According to the Court of Appeal, the CDCR’s position was that Public Contracts Code section 5110 only applies if a contract is invalidated due to a defect or defects in the competitive bidding process. However, Hensel Phelps’ position was that Section 5110 also applies if, after a contract a contract is invalidated, it is determined that the invalidation finding itself was due to a defect or defects in the competitive bidding process.
Let’s break that down a bit. According to the CDCR, Public Contracts Code section 5110 only applies if, due to a defect or defects in the competitive bidding process, a contract is invalidated. In other words, Section 5110 only applies if a contract was approved, but it is determined that it should not have been.
Hensel Phelp’s position is a bit nuanced. According to Hensel Phelps, Public Contracts Code section 5110 also applies if a contract is invalidated, and it is later determined that the finding that a contract was invalid, was in itself incorrect. In other words, Section 5110 also applies if a contract is approved, is later invalidated, and it is later determined that it should not have been invalidated.

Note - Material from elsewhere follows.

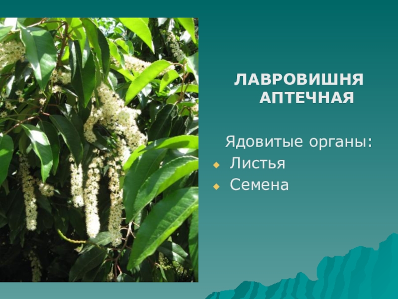 ЛАВРОВИШНЯ АПТЕЧНАЯЯдовитые органы:ЛистьяСемена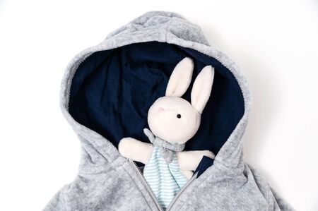 The plum bunny are dressed in a sports baby jacket with a hood.

Between the two interpretations, the Court of Appeal found that the CDCR’s interpretation was more reasonable:
[W]e conclude CDCR has the better argument. We must consider the key language in the context of the rest of the statute. The first sentence of section 5110, subdivision (a) provides, “When a project for [a public work] is competitively bid and any intended or actual award of the contract is challenged, the contract may be entered into pending final decision of the challenge, subject to the requirements of this section.” It is the next sentence which provides, “If the contract is later determined to be invalid due to a defect or defects in the competitive bidding process caused solely by the public entity, [the contractor may recover].” The “later” in this sentence must refer back to the “pending final decision of the challenge” in the sentence immediately preceding. In other words, the subdivision provides that the parties to a challenged public contract may enter into that contract pending final resolution of the challenge, but if the challenge is resolved by invalidation because the public entity was at fault, the contractor may recover.
Phelps’s alternative construction is not reasonable. Phelps would interpret the statute to involve two distinct legal proceedings: (1) a challenge to the contract, which may result in the court invaliding the contract for any number of reasons; and (2) a second proceeding which looks beyond the reasons given for invalidation, to determine whether the court’s invalidation of the contract was caused by any defects in the bidding process caused by the public entity. Nothing in the statutory language suggests there is to be a second proceeding, to consider the reasons for the first court’s ruling.
In short, held the Court of Appeal, Hensel Phelps was not entitled to recovery under Public Contract Code section 5110, because the trial court in the Bid Protest Case held that the contract was invalidated due to a material error in Hensel Phelp’s bid not due to a defect in competitive bidding process.
Conclusion
So, there you have it. Public Contract Code section 5110 allows a contractor to recover its out-of-pocket costs if a public entity approved a contractor’s bid but it is later determined that the public entity shouldn’t have due to a defect or defects in the competitive bidding process. Section 5110 does not apply, and does not permit a contractor to recover its out-of-pocket costs, if a contract is invalidated, and the contractor later argues that the contract should not have been invalidated due to a defect or defects in the competitive bidding process.